Quantity matters, and just the right quantity matters more. What is the position size calculator for stocks? A lot of financial analysts now say that for an investor, the correct position size of a stock, which is the number of shares of a stock or security you invest in, is more important than price levels where they enter or exit a trade, particularly in day trading. The reason is simple.
Size Determines Risk
If your position size is too limited or too wide, you may end up taking a lot of risks or end up taking not enough for you to profit from a trade. Moreover, the number of shares you have is pretty basic to a favourable deal. Even if your bets go right, but you do not hold enough security, you stand to lose. So you need a position sizing calculator in place.
Two types of risk need to be managed by setting the appropriate position size-trade and account risk.
What Is an Account Risk Limit?
Here, you set a percentage or certain specific sum as a limit for the risk you are willing to take per trade. So, for example, if you set a percentage risk limit at 1% and you have Rs.50,000 in your day trading account, then you are willing to risk up to Rs.500 per trade. Experts suggest the account risk limit should be kept unchanged and the same for all the deals.

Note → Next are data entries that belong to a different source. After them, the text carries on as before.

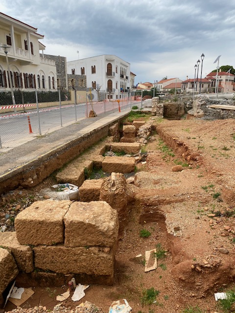 Auf dem Vorplatz der Hauptkirche haben die Archäologen nach den Fundamenten ich weiß nicht welcher Siedlung gebuddelt. Nach dem historischen Pharai vielleicht? Hinweisschilder fehlen, und der Bauschutt ist noch nicht weggeräumt.
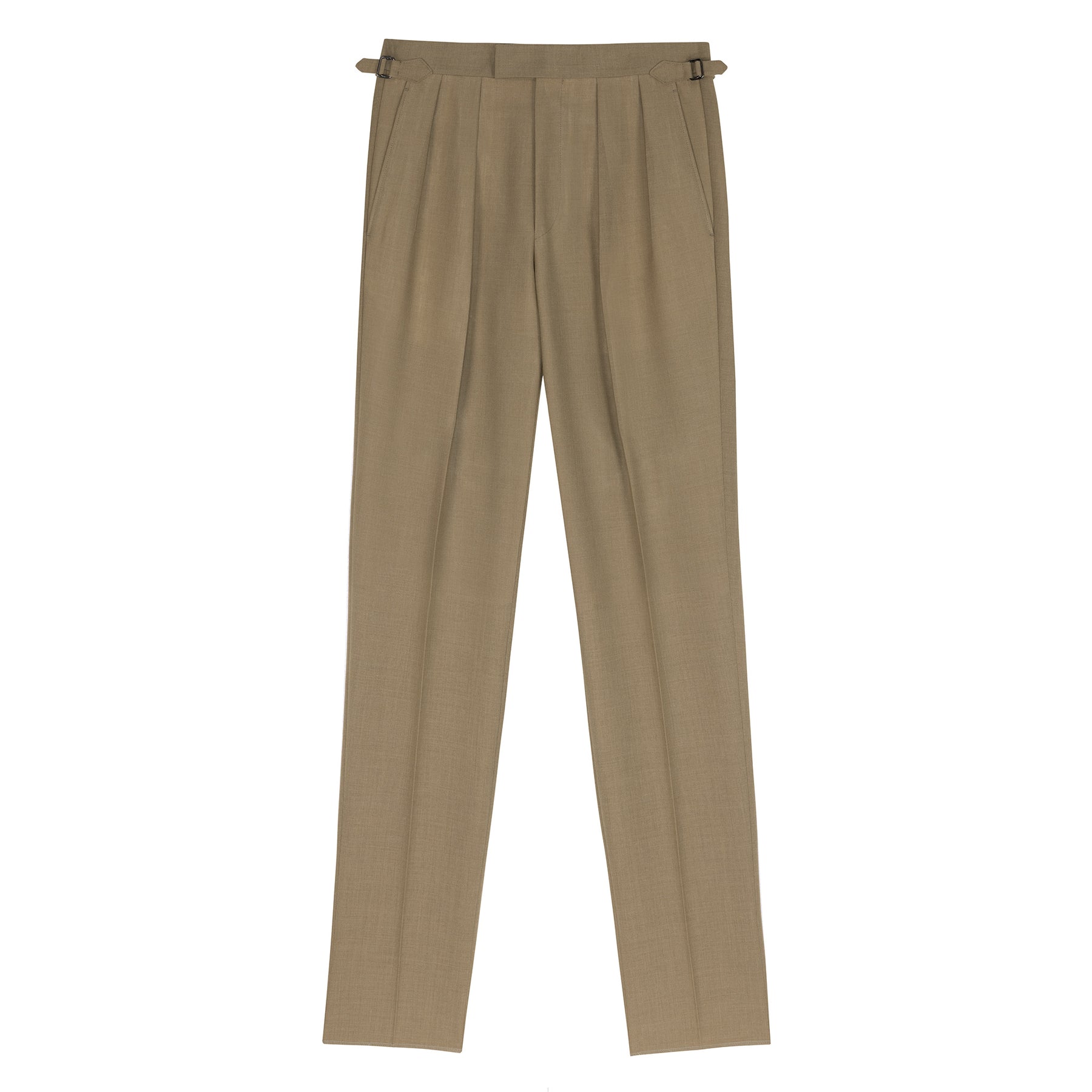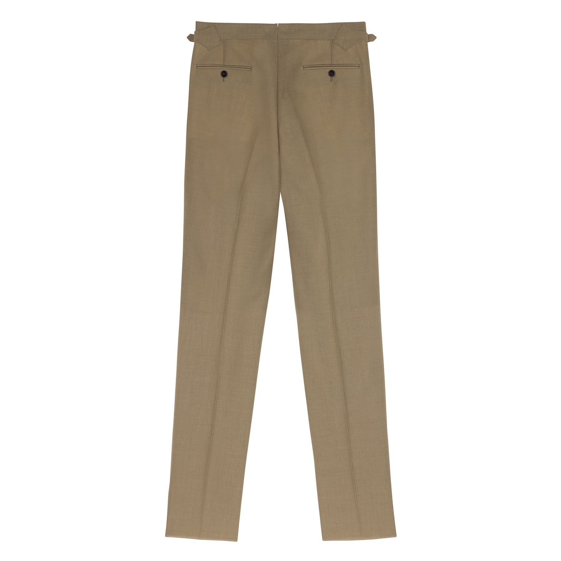 These Grant Sand Fresco Wool Trousers are made from medium-weight wool cloth woven by Hardy Minnis in England, perfect for spring and summer. Fresco fabric is highly breathable, crease-resistant, and has a subtle texture that keeps them from looking like suit trousers. The open weave enhances airflow, making them ideal for warmer weather.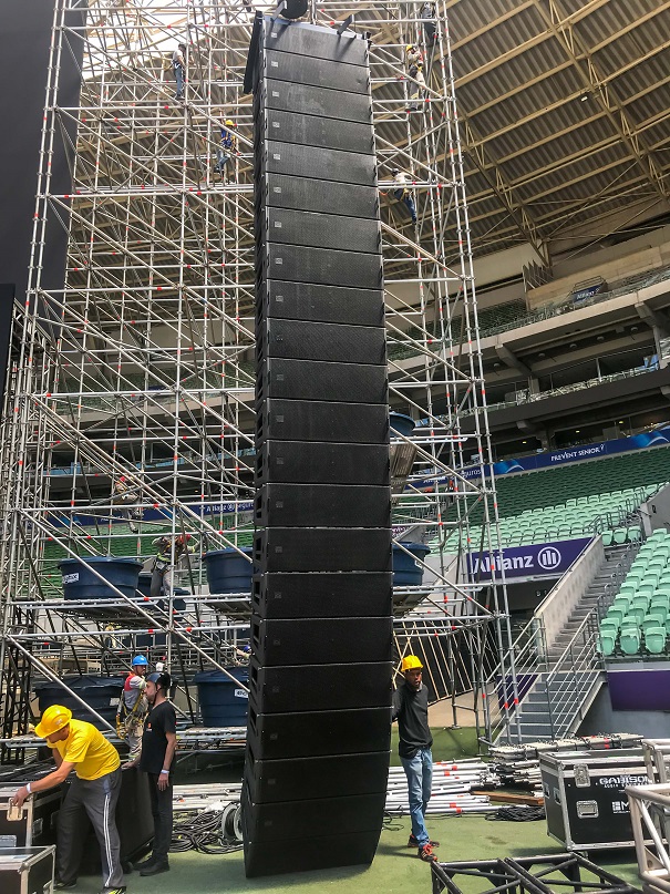 El sistema MLA de Martin Audio fue provisto por Gabisom Audio Equipment, cuyo ingeniero de sistemas Eder Moura, explica: “El concierto tuvo una audiencia de 48,000 en un área de cobertura de más de 500 pies. Utilizamos seis suspensiones, una suspensión L/R principal con 20 MLA y dos MLD. El lado L/R se cuelga con 21 MLA y un MLD, un L/R posterior se cuelga con cuatro MLA, más 16 subwoofers MLX por lado y 12 MLA Compact como front fill.
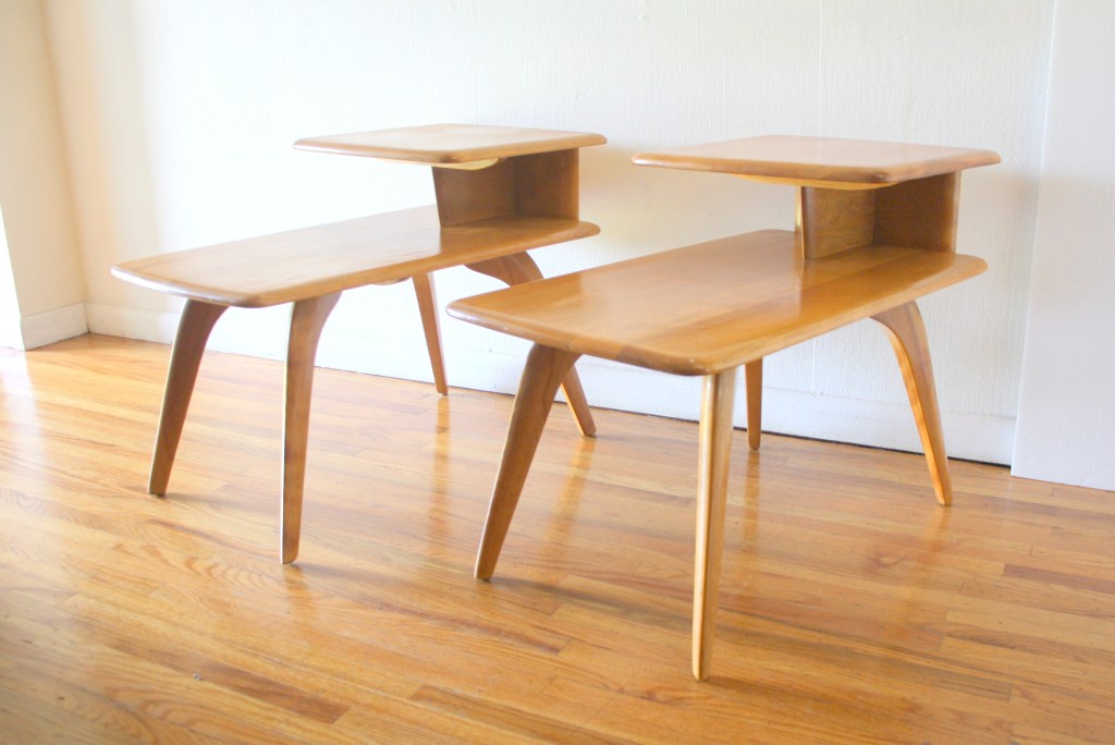 This is a pair of mid century modern 2 tiered side end tables by Heywood Wakefield. They have a top and bottom tier, and their signature curves and arched leg design. Dimensions: 17″W x 29″D x 22″H.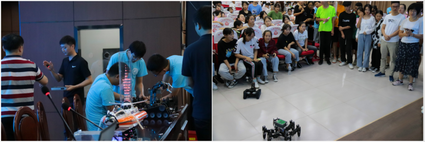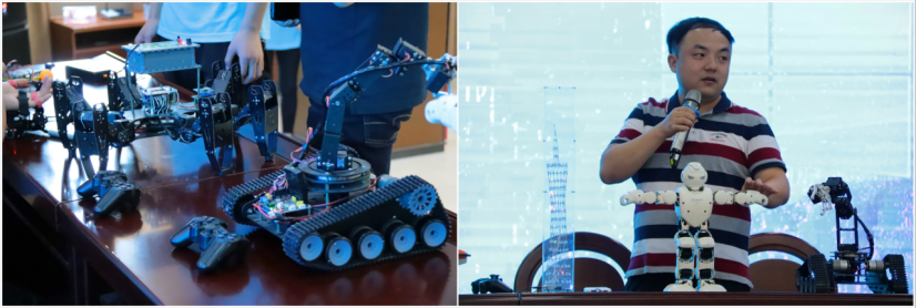 随后,ICT创新学院的学生团队带来了科技创新作品实物展,邹圣雷作为指导老师分别从作品的应用场景、设计思路和技术实现过程等方面逐一介绍了舞蹈机器人、手语翻译手套、便携式移动在线水质检测系统、履带式机械臂、六足仿真机器人等科技作品。在科技作品的介绍中,邹老师穿插引入“中美贸易战”中两国在科学技术实力方面的差距,勉励在座的同学们,努力学好专业知识,提高职业技术素养,为中国科技强国战略贡献自己的力量。之后,同学们观看了带来的科技作品演示,同学们兴趣浓厚,热情参与。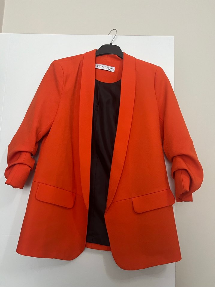 Kırmızı kadın blazer ceket, düğmeli ve uzun kolludur. Normal kesim ve parlak sentetik kumaştan üretilmiştir, ofis için uygundur.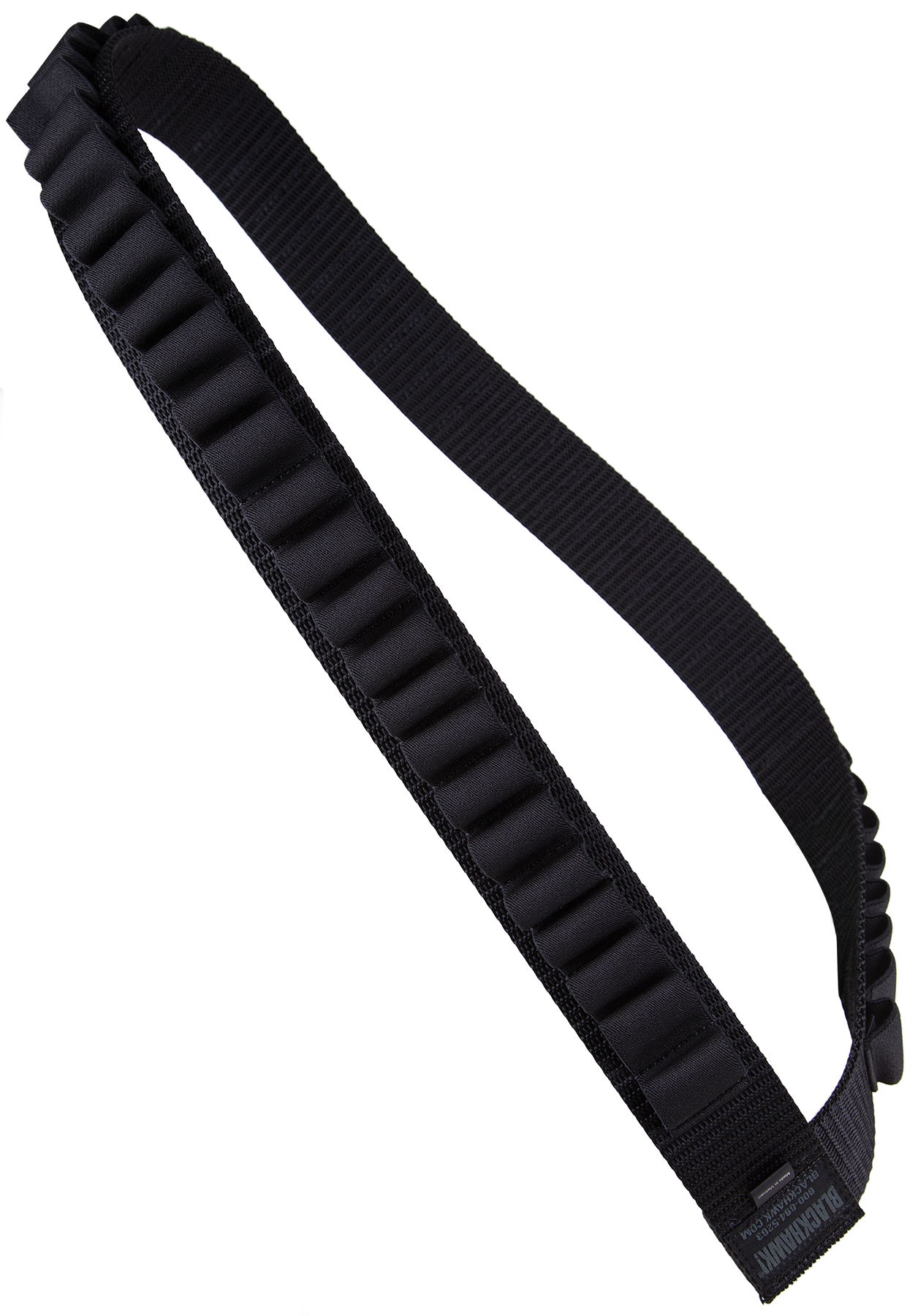 This blackhawk shotgun bandoleer allows you to carry 55 shotgun shells over your shoulder.It is made of heavy duty nylon 2.25" military pistol belt nylon webbing and 1.5" wide elastic to hold the shells secure.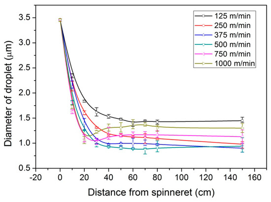 Number-average diameter of droplet versus distance from spinneret. Error bars show the maximum and minimum of the number-average diameter, and open symbols show the average diameter of the analyzed SEM micrographs of samples captured at each spinning line position. Symbols are connected with B-Spline solid lines [31]. Reproduced with permission from He, H.; Chen, L.; Zhang, Y.; Hong, S.; Zhou, Y.; Zhu, M., Fibers and Polymers; published by Springer Nature, 2014.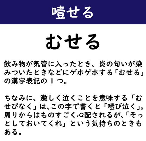 飲み物が気管に入ったとき、炎の匂いが染みついたときなどにゲホゲホする「むせる」の漢字表記の1つ。ちなみに、激しく泣くことを意味する「むせびなく」は、この字で書くと「噎び泣く」。周りからはものすごく心配されるが、「そっとしておいてくれ」という気持ちのときもある。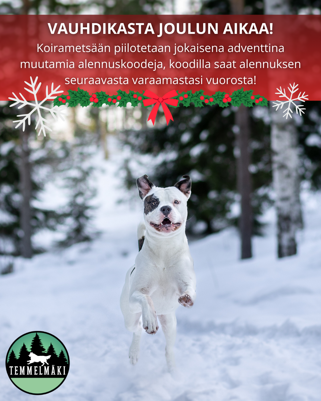 Koirametsä Temmelmäen Joulu tulee taas tänä vuonna! Temmelmäellä on joulun tunnelmaa kun koirametsää koristellaan valoin ja havuin 17-23.12. Koirametsän kodalta löydät Temmelmäen joulukuusen! Pakkaa tähtitortut ja glögit kassiin ja tule nauttimaan koirametsän joulusta ja metsän rauhasta yhdessä parhaan ystäväsi kanssa!

What Does Trade Risk involve?
Trade risk is the band between your entry point in a trade and your stop-loss levels. When you set up a stop loss at a particular price, what happens is when the prices breach the said level, stop loss is triggered, and your position is cut out. This is important in setting the right positioning size because if the stop loss is kept to close to the entry point, you may end up losing out on profit opportunities when prices recover. If the stop losses are placed too far apart from the entry point, you may lose out a lot of money before you realise the prices may not recover soon.
The Ideal Position Size For Trade
The ideal position size for a trade is determined by dividing the money at risk or account risk limit by your trade risk.
Ideal position size for trade=account risk limit/amount of trade risk
Taking forward the example we considered in the first section,
The total account size is Rs. 50,000, and you set the account risk limit per trade at 1%. That is, Rs.500 per trade is your money at risk.
Now suppose for stock XYZ, you entered the trade at Rs.30, and you set up the stop loss at Rs.20, then your total amount of trade risk is Rs.10.
So, the ideal position size for the trade would be: 500/10
That is 50. So your ideal position size or the number of shares of security XYZ can be 50 given your risk appetite.
Conclusion:
Position sizing of your trade is as important if not more than at what levels you buy or sell. To fully profit from a deal, it is important to know how much of a company’s stock is adequate to have in your basket of stocks.